因果: Reflections on a PhD Journey

A Simulated World
Seattle: The “Wasted” Summer
The Difficult Year
The Wilderness
Going Back
A Text Message
Research as Cause and Effect
Where Voice Agents Need to Go
No Conclusions

Every action sets something in motion. We just rarely get to see where the chain leads until much later.

This post is also available in Chinese (中文版).

A Simulated World

I recently watched Pantheon on Netflix. It’s a show about uploaded intelligence — people who exist somewhere between physical bodies and digital worlds, living out their consciousness in simulated spaces that feel as real as anything made of flesh. The premise is wild, but what stayed with me had nothing to do with the technology. It was something simpler, something the show kept circling back to: when everything around you could be constructed, could be simulated, what is actually real?

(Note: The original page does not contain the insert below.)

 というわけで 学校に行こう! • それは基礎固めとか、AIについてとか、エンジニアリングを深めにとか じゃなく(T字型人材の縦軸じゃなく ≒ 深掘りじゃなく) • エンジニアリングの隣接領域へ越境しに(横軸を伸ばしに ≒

I kept thinking about that question long after the credits rolled. And the answer I kept arriving at was always the same: the connections between people. Not the environment you’re in. Not the output you produce. Not the world’s judgment of whether your time was well spent. What’s real — what endures — is the thread that runs between you and another person, and the quiet, unpredictable ways those threads pull on the rest of your life.

That idea maps surprisingly well onto my PhD journey. We spend so much time evaluating our choices by surface-level criteria. Was that internship productive? Did that paper get in? Was that the right research direction? But the real consequences of our decisions — the ones that actually reshape the trajectory of a life — often have nothing to do with those metrics. They hide in people you meet over drinks, in conversations you barely remember having, in friendships that lie dormant for years before suddenly mattering more than anything.

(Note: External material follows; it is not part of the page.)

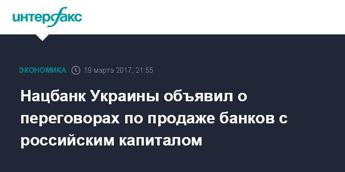 Москва. 19 марта. INTERFAX.RU - Национальный банк Украины (НБУ) заявляет, что все украинские банки с российским государственным капиталом на Украине ведут переговоры о продаже.
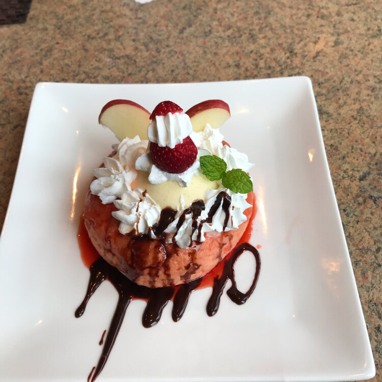 パンケーキではなく丸パンをくり抜いて中にはバニラアイスとりんごのコンポートらしきものが入っていて、パンが温かいのでナイフを入れると中からとろっととけたアイスとりんごが出てきて、じゅわっとソースの染みたパンはとっても美味しいです。

In Chinese, there’s a concept called 因果 — cause and effect. It’s not karma in the pop-culture sense of cosmic scorekeeping. It’s something quieter: the idea that every action plants a seed, and you won’t know what it grows into until much later, sometimes years later, sometimes in ways you never could have imagined.

This essay is my attempt to trace a few of those chains. Not to draw lessons — I’m suspicious of lessons — but just to look back and notice the patterns that only become visible in retrospect.

Seattle: The “Wasted” Summer

Before my PhD, I interned at Amazon in Seattle. By any conventional measure, it was unremarkable. The project didn’t excite me, resources were limited, and I knew early on that I wasn’t going to produce anything of real research significance. So rather than grind through the motions, I let myself drift. I explored the city. I spent long evenings out with people I’d just met. I relaxed in a way I hadn’t allowed myself to in years.

From a career-optimization standpoint, it looked like a wasted summer.

But one of the friends I made during those meandering Seattle evenings would, two years later, introduce me to a girl at a conference dinner. That girl is now my fiancée.

I think about this a lot. If you’d told me at the time that the single most consequential thing I’d do that summer was grab drinks with a colleague, I’d have laughed. The internship felt like a footnote. In reality, it was the opening sentence of a story I didn’t know I was writing. That’s 因果 at work. The value of that time had nothing to do with project deliverables. It lived entirely in the human connections I stumbled into — connections whose meaning wouldn’t surface for years.

The Difficult Year

After my first year of the PhD, I moved to New York for an internship at Meta. That’s when I started working on multimodal research in earnest — speech-language modeling, audiovisual understanding. It was my entry into the area that would define much of my PhD, and the research itself was solid enough to point me toward a real direction.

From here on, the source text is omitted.